[SINGAPORE] Singapore's export-driven economy is seeing a more optimistic outlook as the world's two largest economies de-escalate their tariff dispute, which had threatened to disrupt global trade and possibly trigger a worldwide recession, analysts said.
On May 12, the US and China agreed to suspend their respective tariffs for 90 days, replacing them with significantly lower rates while they continue negotiations for a broader, long-term trade agreement.
This temporary pause follows months of escalating tensions that had strained global supply chains, especially in the technology and manufacturing sectors, where both nations are deeply intertwined. Singapore, as a major trade and logistics hub, had been caught in the middle, with its non-oil domestic exports experiencing a significant slowdown in recent quarters due to reduced demand from China and other regional partners.
Under the temporary deal, tariffs on US exports to China will be reduced from 125 percent to 10 percent, while tariffs on Chinese exports to the US will drop from 145 percent to 30 percent.
However, some analysts have cautioned that initial excitement surrounding the agreement may subside as the reality sets in that 90 days might not be enough to resolve the structural issues between the two countries, which have been engaged in a trade war since 2017. These unresolved issues, including intellectual property disputes and China's state subsidies for its domestic industries, could resurface, potentially leading to another round of retaliatory tariffs.

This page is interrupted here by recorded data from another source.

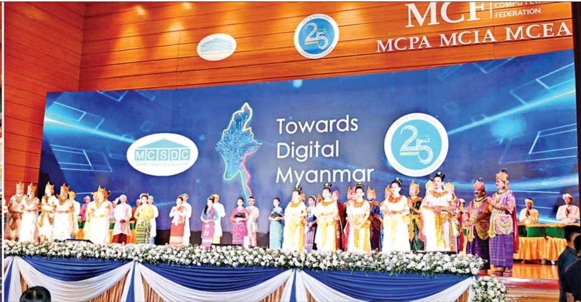
နိုင်ငံတော်စီမံအုပ်ချုပ်ရေးကောင်စီဥက္ကဋ္ဌ နိုင်ငံတော်ဝန်ကြီးချုပ် ဗိုလ်ချုပ်မှူးကြီးမင်းအောင်လှိုင် မြန်မာနိုင်ငံ ကွန်ပျူတာအသင်းချုပ်နှင့် ကွန်ပျူတာအသင်းများ၏ (၂၅)နှစ်ပြည့် ငွေတုအထိမ်းအမှတ် ဖွင့်ပွဲ အခမ်းအနားကို ဒစ်ဂျစ်တယ်နည်းပညာအသုံးပြု ဖွင့်လှစ်ပေးစဉ်။

★ စာမျက်နှာ ၃ မှ နိုင်ငံတော်အတွက် အခြေခံ ကျပြီး အရေးကြီးဆုံးလုပ်ငန်းစဉ် တစ်ခုဖြစ်သည့် နိုင်ငံအတွင်း နေထိုင်သူ တစ်ဦးချင်းစီကို ဒစ်ဂျစ်တယ် နည်းပညာအသုံးပြု ပြီး Unique ID (UID) တစ်ခုစီနှင့် မှတ်ပုံတင်ထားရှိရေး e-ID စနစ် ကို ကူးပြောင်းနိုင်ရေးအတွက် National Database စနစ် တည်ဆောက်ရေး ဦးဆောင် ကော်မတီကို ဖွဲ့စည်းခဲ့ပြီး လက်တွေ့အကောင်အထည်ဖော် ဆောင်ရွက်လျက်ရှိနေပါကြောင်း၊ ၂၀၂၄ ခုနှစ်တွင် ဆောင်ရွက်မည့် သန်းခေါင်စာရင်း ကောက်ယူ ရေး လုပ်ငန်းများတွင်လည်း Computer-Assisted Personal Interviewing(CAPI) စနစ်ကို ကျင့်သုံးသွားမည်ဖြစ်ပါကြောင်း။ ဒစ်ဂျစ်တယ်
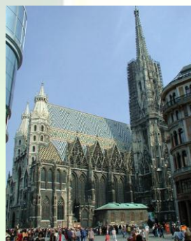
Wiedeń – Katedra św. Stefana
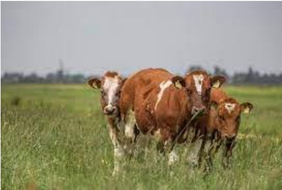
Beweiding met koeien levert meer variatie in structuur dan beweiding met schapen

Dit pakket werkt het best met een veebezetting van 1,5 GVE/ha. Beweiden met 3 GVE/ha is in samenhang binnen het weidevogelmozaïek waardevol. Dit geldt met name als er beweid wordt in plaats van gemaaid in de randzones van een mozaïek. Er wordt gewerkt met een lage veebezetting, zodat er voldoende ruimte voor weidevogels is. Dit pakket past bij een grasproductie van ca. 7 ton droge stof/hectare/jaar. De pakketvarianten onderscheiden zich door de periode van extensief beweiden en de veebezetting.
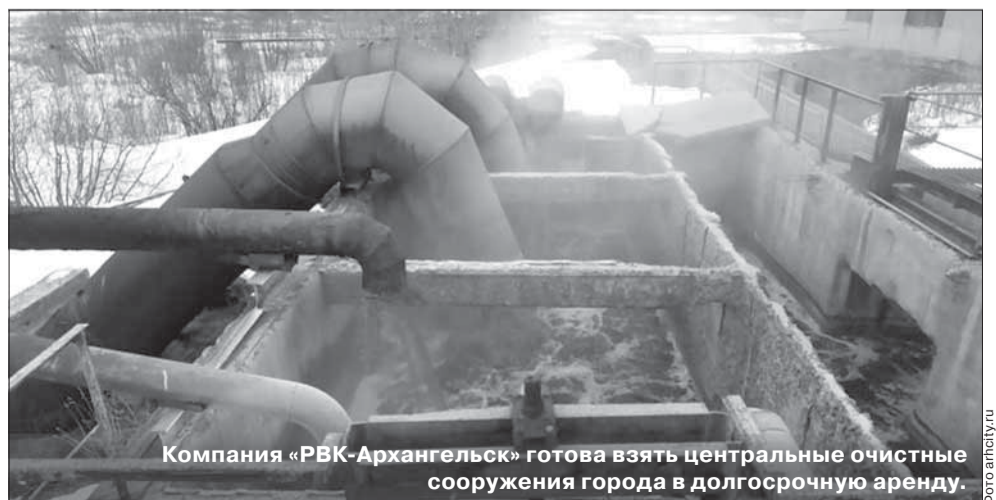
Компания «РВК-Архангельск» готова взять центральные очистные сооружения города в долгосрочную аренду.
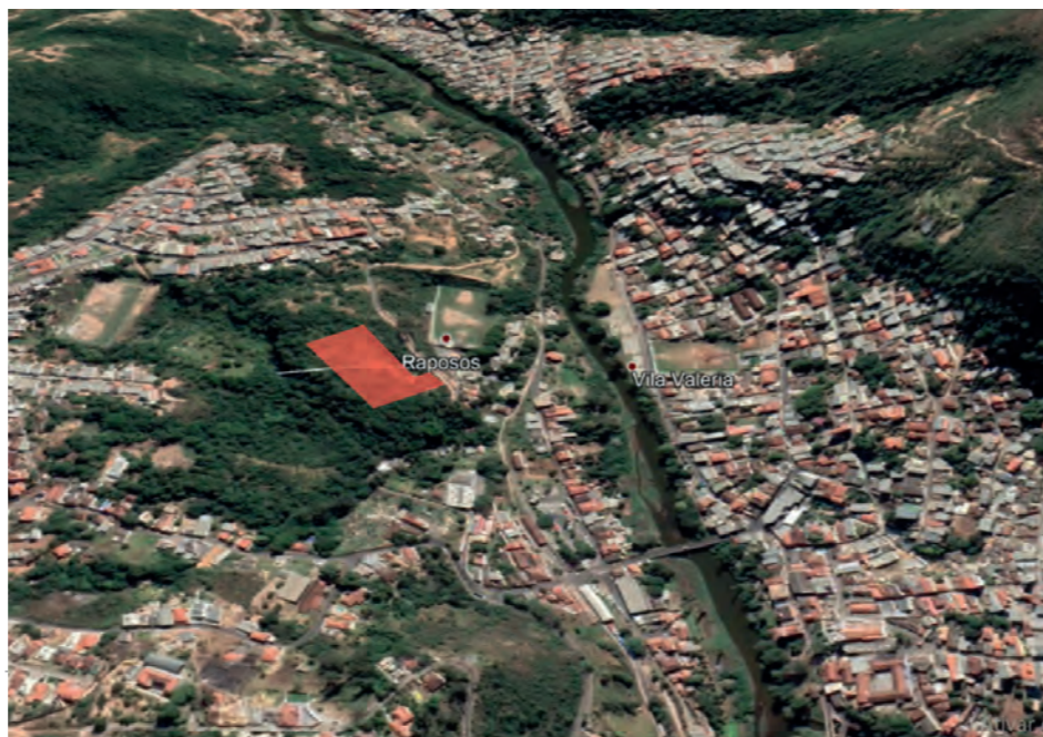
Figura 03: Localização do terreno doado para o município de Raposos.
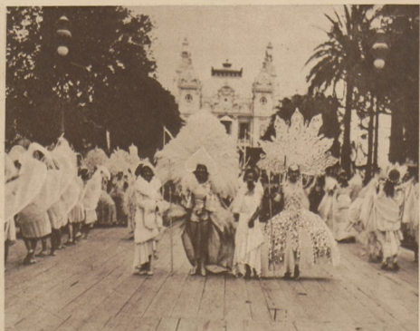
W Monte Carlo odbyło się w zeszłym tygodniu „Święto elegancji”: grupa tancerek w pochodzie.

For Singapore, prolonged uncertainty could delay investment decisions in key sectors such as electronics and precision engineering, which rely heavily on stable trade flows.
Nevertheless, the temporary truce offers relief to investors who were facing a scenario where US consumers could have faced steep price increases and empty store shelves, while China could have suffered a loss of its biggest export market and a decline in manufacturing output.

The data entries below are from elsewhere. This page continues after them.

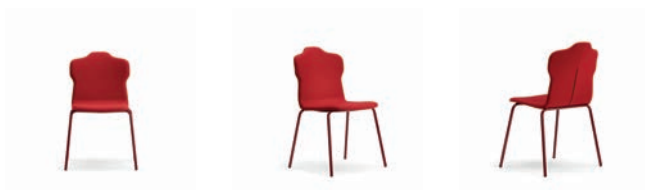
JACKET Stol Av Claesson Koivisto Rune
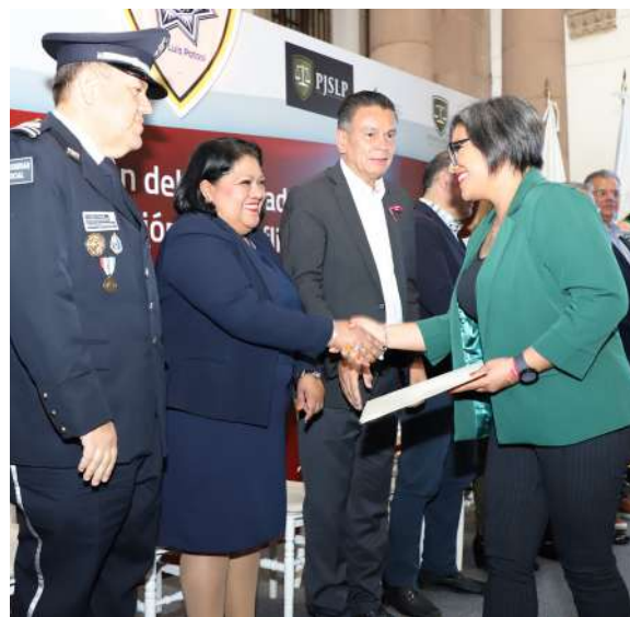
Entrega de constancias
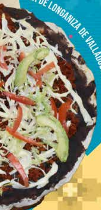
LA DE LONGANIZA DE VALLADOLID
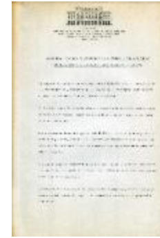
Bases para Concurso de escenografía y/o vestuario para las operas "Andrea Chenier" de Giordano y "La Cenicienta" de Rossini (1-10012)
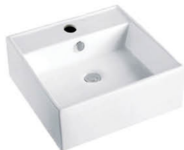
อ่างล้างหน้าวางบนเคาน์เตอร์ รุ่น "เนก"
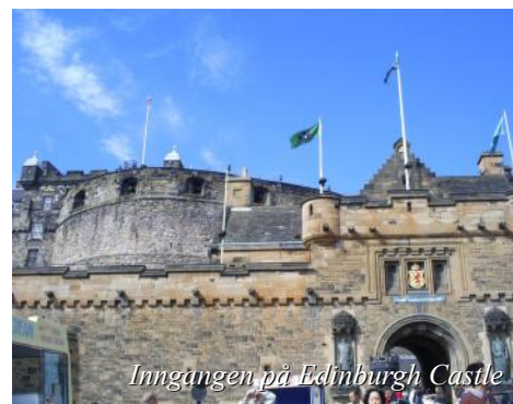
Inngangen på Edinburgh Castle

NB! Flasker kjøpt utenfor flyplassen før hjemreise pakkes ned i koffert i sendt bagasje. De er ikke tillatt medbragt gjennom sikkerhetskontrollen.
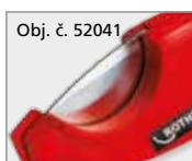
Obj. č. 52041
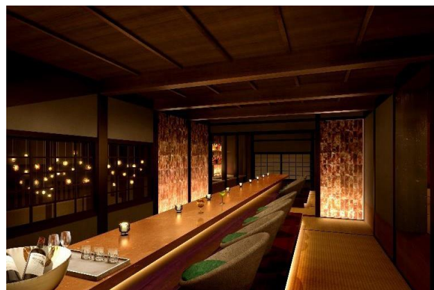
レセプション棟二階 バー・ラウンジイメージ ※「バー」利用時間：13時～23時（予定）

"The US-China trade deal is a significant de-escalation and allows trade to resume from what was essentially a standstill," said Chua Hak Bin, regional co-head of macro research at Maybank.

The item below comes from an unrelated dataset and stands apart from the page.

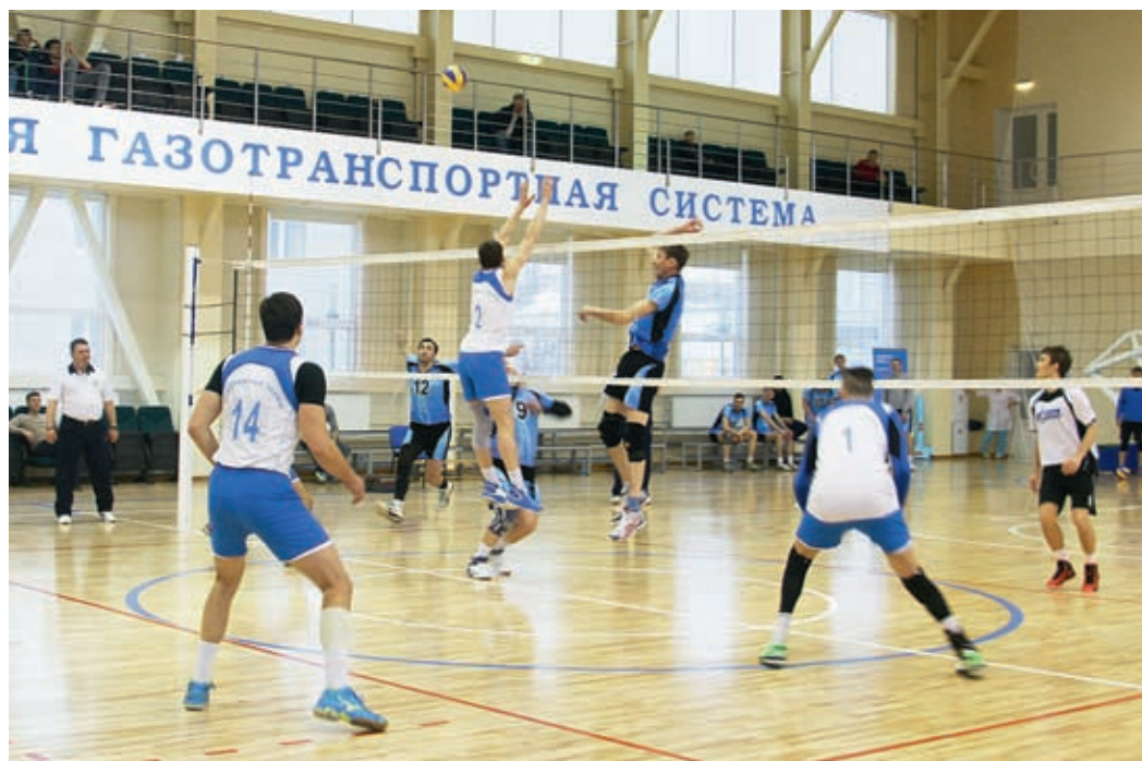
Готовы биться за победу

Chua acknowledged that a 30 percent tariff on Chinese exports is still relatively high compared to the 10 percent faced by most other countries, including Singapore, but it is much more manageable than the previous 145 percent rate.
The truce has already sparked cautious optimism among Singaporean exporters, particularly in the biomedical and chemical sectors, which had been dealing with higher operational costs due to disrupted supply chains. Industry groups are now urging businesses to take advantage of this period to diversify their markets and reduce over-reliance on any single economy.
Adam Pickett, who heads Citibank’s global macroeconomic strategy, noted that the reduction in US tariffs on China effectively lowers the tariff rate from 25 percent to 12 percent, considering both the tariffs on final products and on imported inputs used in production.
“This is a game changer for tactical risk,” Pickett said, referring to assets such as currencies, credit, stocks, and commodities. Following the announcement, the US dollar strengthened against major currencies, ending a period of decline. The rally contributed to a slight easing of the Singapore dollar against the greenback.
However, analysts warn that currency markets could remain volatile as traders assess whether the tariff reductions will lead to a sustained economic recovery. The Monetary Authority of Singapore (MAS) is expected to maintain a neutral stance on the Singapore dollar, prioritizing stability amid fluctuating global trade conditions.